FourCseq - error ountFragmentOverlaps()

0

Entering edit mode

samuel collombet ▴ 140

@samuel-collombet-6574

Last seen 6.9 years ago

France

Hi,

I have an error using FourCseq, which I don't really understand as I was usign the package before without problem.

Here is my code:

> 4C_exptData <- SimpleList(projectPath="myPath",fragmentDir="fragmentDir",referenceGenomeFile ="chr.fa",primerFile="primer.fa",bamFilePath="bam",reSequence1="GTAC",reSequence2="GATC")

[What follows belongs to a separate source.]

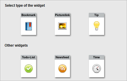 The various widgetsWith "+ Widget" you can add one of the six widgets:
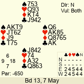 | Con | Dc | Res | Score | Ld | Pairs | Rd | Tbl | | 7 NT | W | -1 | 50 | 5 | 04 - 09 | 6 | 4 |

> 4C_colData <- DataFrame(viewpoint="vp",condition=factor(rep(c("cell1", "cell2"),each=2),levels=c("cell1", "cell2")),replicate=c(1,2)),bamFile=c("cell1_rep1.bam","cell1_rep2.bam","cell2_rep1.bam","cell2_rep2.bam"),sequencingPrimer="first")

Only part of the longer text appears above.